The purpose of this study was to investigate whether the chemical condition of osteoporotic serum affects the chemical stability of octacalcium phosphate (OCP) and its osteoconductive property. The in vitro chemical dissolution in osteoporotic ovariectomized (OVX)-simulated conditions was analyzed. OCP and its composite form with gelatin (OCP/Gel), containing specific amounts of OCP (either 17% or 44% by weight), were used as experimental materials. The degrees of supersaturation (DS) of the OVX-simulated buffer solutions, containing distinct inorganic phosphate (Pi) ion concentrations, after immersing OCP or OCP/Gel, were determined. The rod-shaped OCP/Gel was then implanted into the OVX and Sham rat tibia defects, exhibiting a similar shape and size, and assessed at 4, 8, and 12 weeks. Increasing Pi concentration in OVX-simulated buffer solution increased the DS, with respect to OCP, upon the introduction of OCP and 44% OCP/Gel, but decreased the DS to a slightly saturated condition with 17% OCP/Gel, indicating that increasing the OCP in the Gel matrix tends to inhibit the hydrolysis of OCP into hydroxyapatite (HA).
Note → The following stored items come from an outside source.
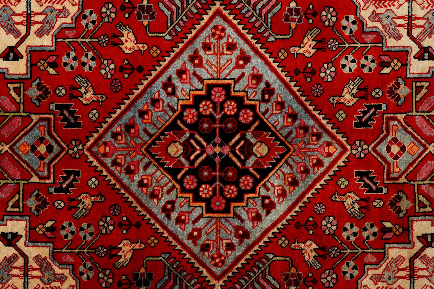 The city of Hamadan and its surrounding villages are very productive areas for carpet weaving. Each village produces unique carpets with colorful, charming, and primitive motifs. A wide variety of floral or geometric patterns on red, blue, or beige backgrounds, unique to each village, characterize these inspiring carpets. Nahavand is one of these Iranian villages.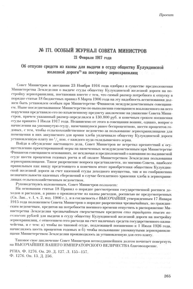 Особый журнал совета министров. 21 Февраля 1917 года. Об отпуске средств из казны для выдачи в ссуду обществу Кулундинской железной дороги на постройку зернохранилищ // РГИА. Ф. 1276. Оп. 20. Д. 127. Л. 155-157. Ф. 1276. Оп. 13. Д. 256.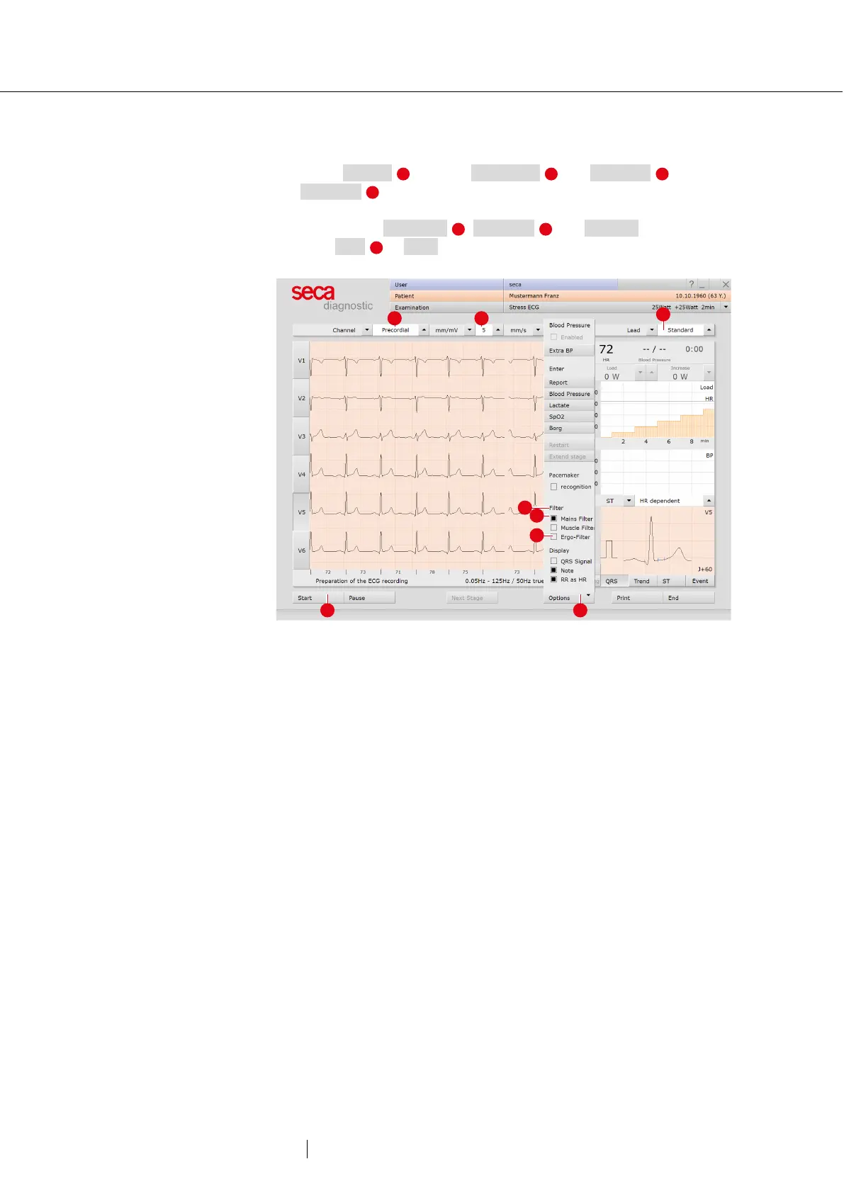 → ECG display Precordial , 5 mm/mV and 25 mm/s.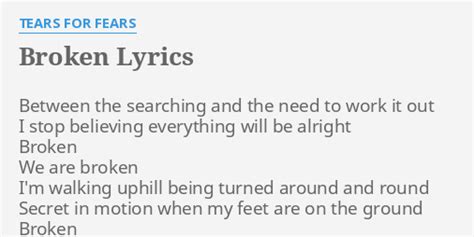 Tears For Fears Broken Lyrics. Web between the searching and the need to work it out. I stop believing everything will be alright.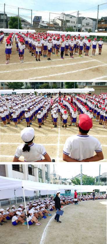 今日は、初めて全児童が運動場にそろっての全体練習をしました。開会や閉会式の整列や、座席の位置などを確認しました。今年は、入場行進や応援合戦などもないので簡素化しています。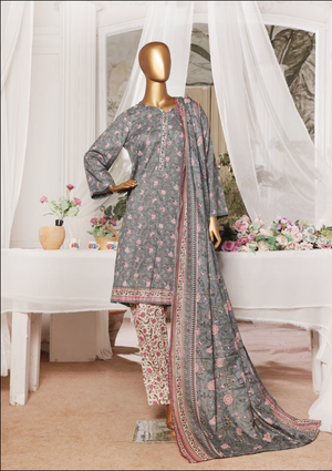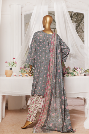3-Piece Original Bin Saeed Light Grey Printed Lawn Stitched Suit
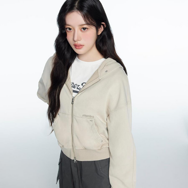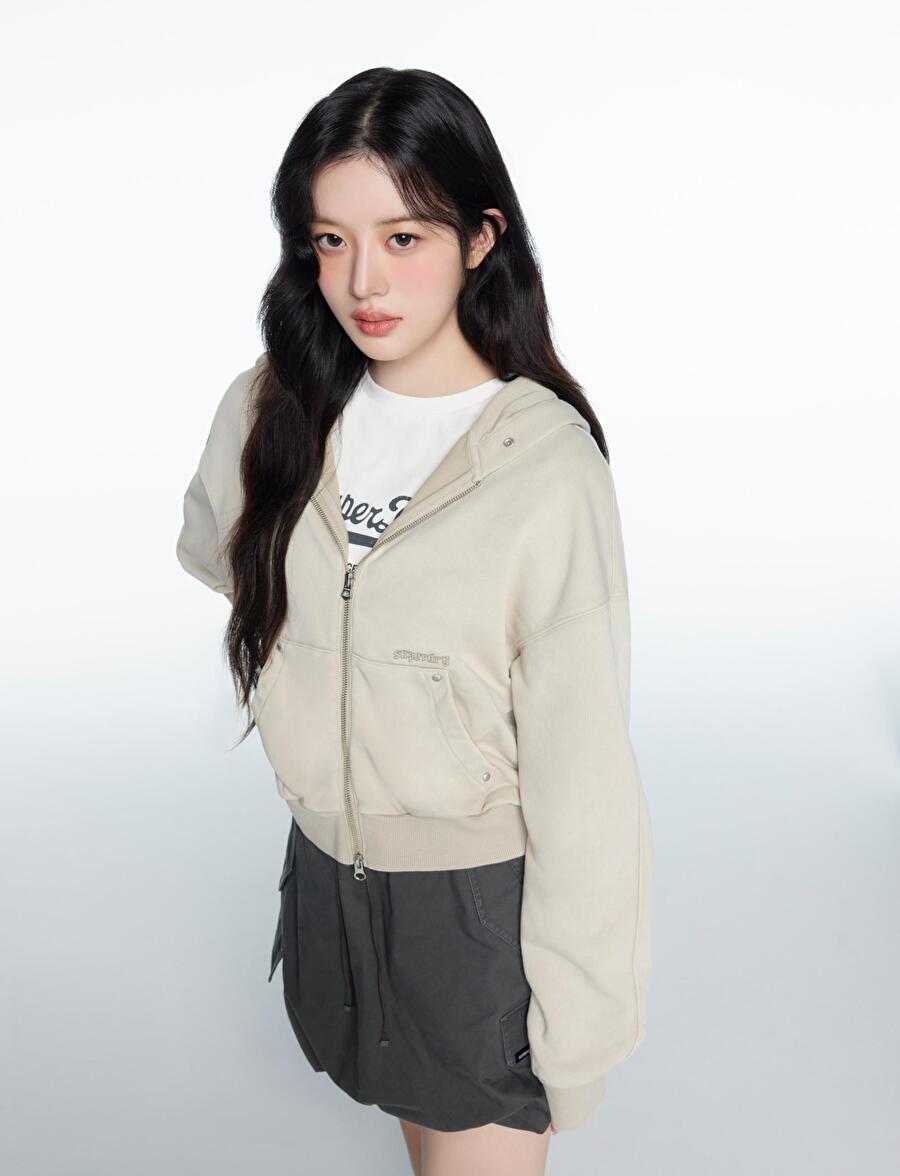 [Superdry] W WASHED ZIP-UP HOODIE_BEIGE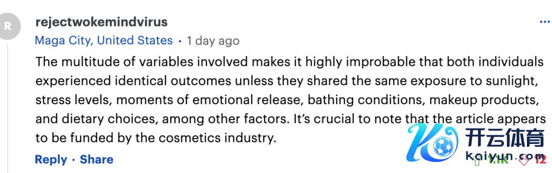 总之,通过对这对双胞胎姐妹的对比,照旧不错看到肉毒杆菌毒素的妙处的。但是吧,网友们对这个盘考论断却执不同主意。触及的稠密变量使得两个东说念主的搁置变得不太真正,除非她们在阳光领略、压力水平、厚谊开释时刻、沐浴条款、化妆品使用和饮食采用等方面有换取的履历。值得提防的是,本文似乎得回了化妆品行业的资助。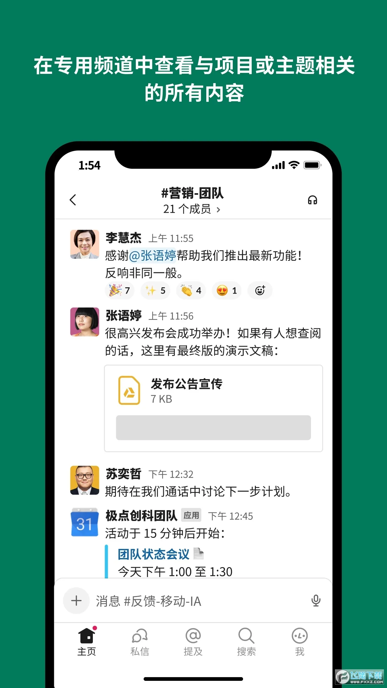 4. 提供专用频道,关注各个主题、项目或团队相关内容,通过共享频道能与客户、供应商或合作伙伴保持联系,以更快的对话速度提升工作效率。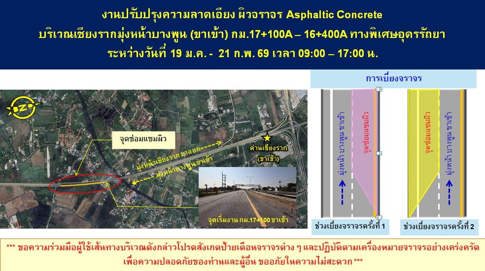บริษัท ทางด่วนและรถไฟฟ้ากรุงเทพ จำกัด (มหาชน) หรือ BEM ประชาสัมพันธ์แจ้งเบี่ยงการจราจร บริเวณเชียงรากมุ่งหน้าบางพูน ทางพิเศษอุดรรัถยา เนื่องจากมีความจำเป็นต้องปรับปรุงความลาดเอียงของผิวจราจร เพื่อความปลอดภัยของผู้ใช้ทาง โดยผู้ใช้ทางยังสามารถสัญจรได้ตามปกติ
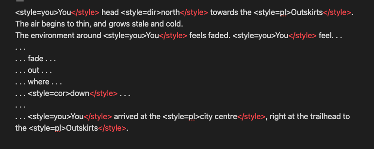The first step, of course, is writing. Most areas in the game require quite a lot of lines, but the unique nature of The Outskirts means that it only has one set of lines, as opposed to many other areas which have at least 5 times as many lines. All of my writing I do in an application called Obsidian.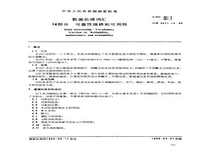 本标准适用于有关电子计算机及信息处理各个领域的设计、生产、维护、使用、管理、科研、教学和出版等方面。 GB/T 5271.14-1985 数据处理词汇 14部分 可靠性维修和可用性 GB/T5271.14-1985 标准下载解压密码:www.bzxz.net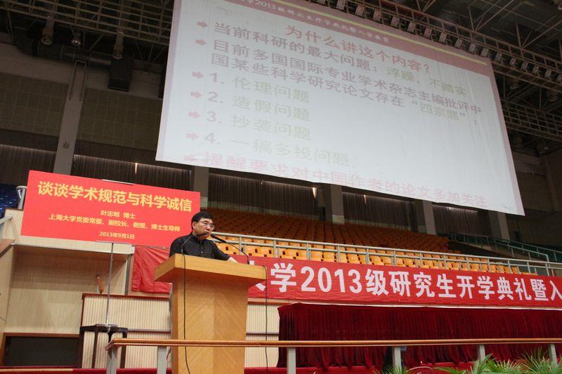 9月1日上午,上海大学党委常委、副校长叶志明以“谈学术规范与道德诚信”为主题,为全体2013级研究生作了一场精彩讲座。
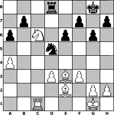 game notation in PGN-format [Event "In diesem Sommer gehts noch mal heiss her"] [Site "www.myChess.de"] [Date "2024.07.20"] [Round "1"] [White "Ziegert"] [Black "kalle"] [ECO "B70"] [WhitemyELO "2042"] [BlackmyELO "1673"] [Result "1-0"] [TimeControl "10/2592000"] [WhiteDays "26"] [BlackDays "83"] [MyChessNo "132131"] 1. e4 c5 2. Nf3 d6 3. d4 cxd4 4. Nxd4 Nf6 5. Nc3 g6 6. Be2 Bg7 7. O-O a6 8. Be3 O-O 9. Qd2 Bd7 10. f3 Nc6 11. a4 Ne8 12. Nd5 e6 13. Nxc6 Bxc6 14. Nb6 Rb8 15. Rad1 Nc7 16. Qxd6 Bxb2 17. Qc5 Qf6 18. Rd3 Rbd8 19. Nc4 Rxd3 20. cxd3 Bc3 21. Rc1 Rd8 22. e5 Bxe5 23. Qxe5 Qxe5 24. Nxe5 Nd5 25. Nxc6 1-0 position notation in FEN-format 3r2k1/1p3p1p/p1N1p1p1/3n4/P7/3PBP2/4B1PP/2R3K1 - - - 0 25 Captured white pieces: Captured black pieces: Click on a captured piece in order to display the desired move!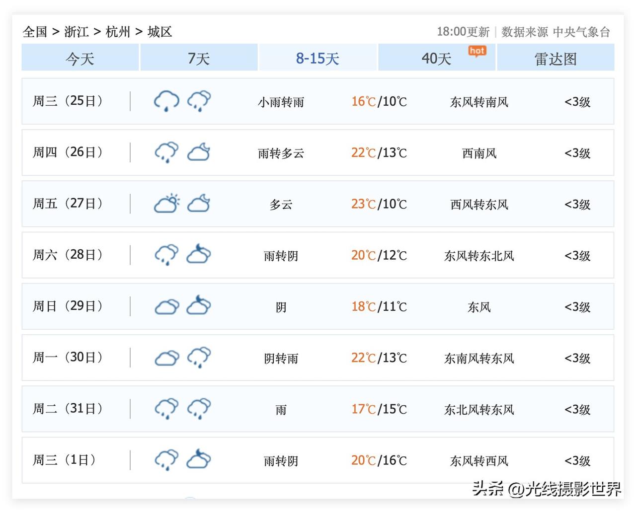 太令人惊喜啦!杭州终于要出太阳啦!老天爷给杭州人送福利啦!3月19日到22日,杭州,多云晴好,天气可能好到爆炸!非常适合大家去西湖边踏青赏花,欣赏吉野樱花……太子湾,曲院风荷,花港观鱼……特别特别好啊! 苏堤春晓,白堤桃红柳绿…… 3月21日,星期六,杭州多云,气温10-13度。 3月22日,星期天,白天,杭州多云,晚上中雨。 杭州的小伙伴们,一定要抓住这几天的杭州春色巅峰高潮啊! 错过,可能真的再等一年啊! 3月23日,星期一,杭州中雨转小雨。 3月24日,星期二,杭州小雨。 中央气象台最新杭州天气预报,让人感动! 所以,必须要珍惜啊!杭州,南京,未来几天,桃花,樱花,郁金香,桃红柳绿,杨柳如烟……太美啦!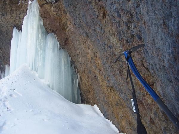 取りついてみると雪が深かったり、つき方が悪かったりで少し難しかったです。初心者では滑落必至なのでは??という状態でした。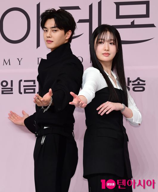 [텐아시아=조준원 기자]배우 송강과 조혜주가 24일 오후 서울 양천구 목동 SBS에서 진행된 SBS 새 금토드라마 ‘마이 데몬’ 제작발표회에 참석해 포즈를 취하고 있다.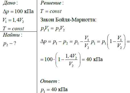 При изотермическом процессе после сжатия газа его объём уменьшился в 1,4 раза, а давление изменилось на 100 кПа. Определите конечное давление.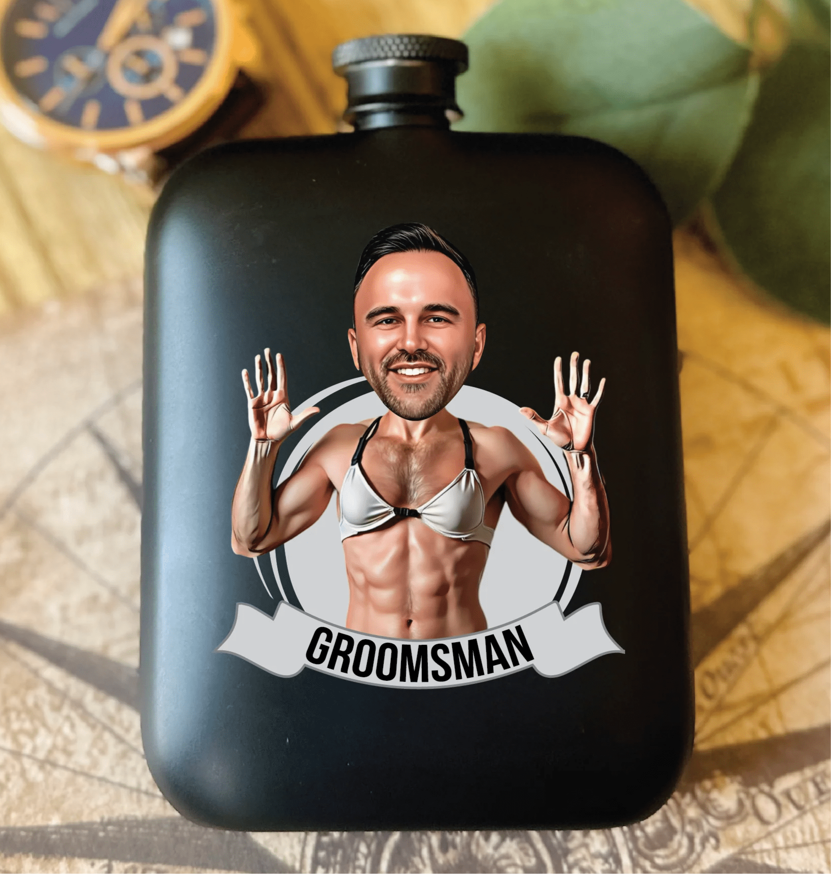 Give your groomsmen the Groomsman Grins Flask that delivers laughs and memories with personalized photo keepsakes.
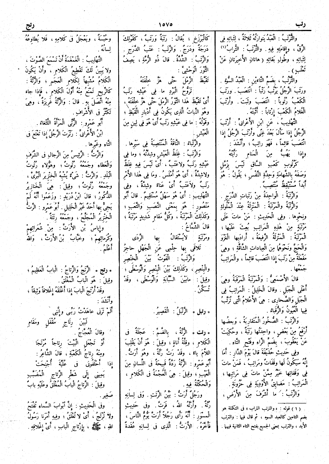 والتُّرْتَبُ العَبْدُ يَتوارَثُه ثلاثةٌ لثَباتِه في الرِّقِّ وإِقامَتِه فيه والتُّرْتَبُ التُّرابُ لثَباتِه وطُولِ بَقائه هاتانِ الأَخيرتان عن ثعلب والتُّرْتُبُ بضم التاءَين العبد السوء ورَتَبَ الرجلُ يَرْتُبُ رَتْباً انْتَصَبَ ورَتَبَ الكَعْبُ رُتُوباً انْتَصَبَ وثَبَتَ وأَرْتَبَ الغُلامُ الكَعْبَ إِرتاباً أَثْبَتَه التهذيب عن ابن الأَعرابي أَرْتَبَ الرجلُ إِذا سأَل بعدَ غِنًى وأَرْتَبَ الرجلُ إِذا انْتَصَبَ قائماً فهو راتِبٌ وأَنشد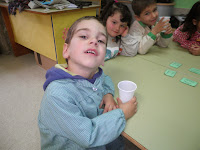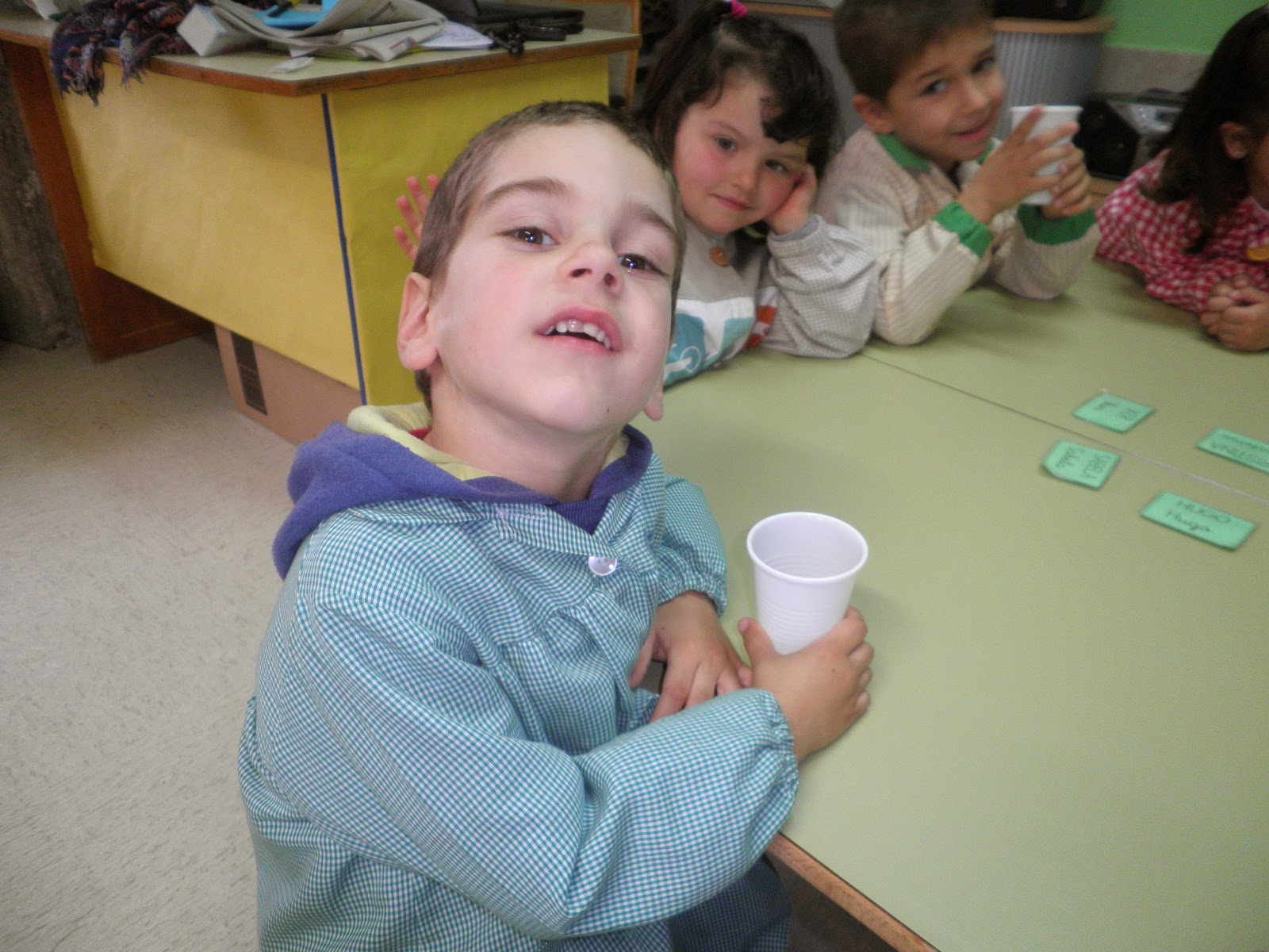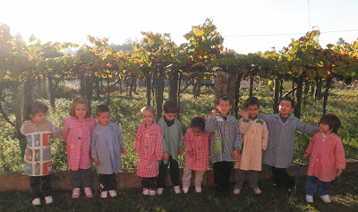 Bueno aquí vos deixo algunhas fotos de onte cando fixemos o mosto na clase, non hai moitas porque con todo o follón nin nos dou tempo... E mirade que manualidade fixemos entre todos para comezar a decorar a clase...

Histomorphometric analyses of bone formation and the appearance of osteoblasts and osteoclast-like cells, together with OCP resorption, confirmed that while 44% OCP/Gel showed higher bone formation than 17% OCP/Gel at intramedullary bone defect sites in Sham rat tibia, both OCP/Gels tended to enhance cortical bone formation in the OVX group, concomitant with the higher resorption of OCP within 17% OCP/Gel. The appearance of osteoclast-like cells in the OVX group increased as the OCP dose decreased from 44% to 17% in the Gel matrix, with an approximately 4 times higher bone formation rate, 8-12 weeks after the implantation. Additional in vitro assays showed that bone marrow mesenchymal stem cells isolated from OVX and wild-type (WT) rats treated with OCP had similar proliferation and differentiation rates, up to 21 days. These results show that OCP can enhance cortical bone repair even in osteoporotic bone if suitable thermodynamic metastable dissolution conditions are provided in relation to the mass of OCP.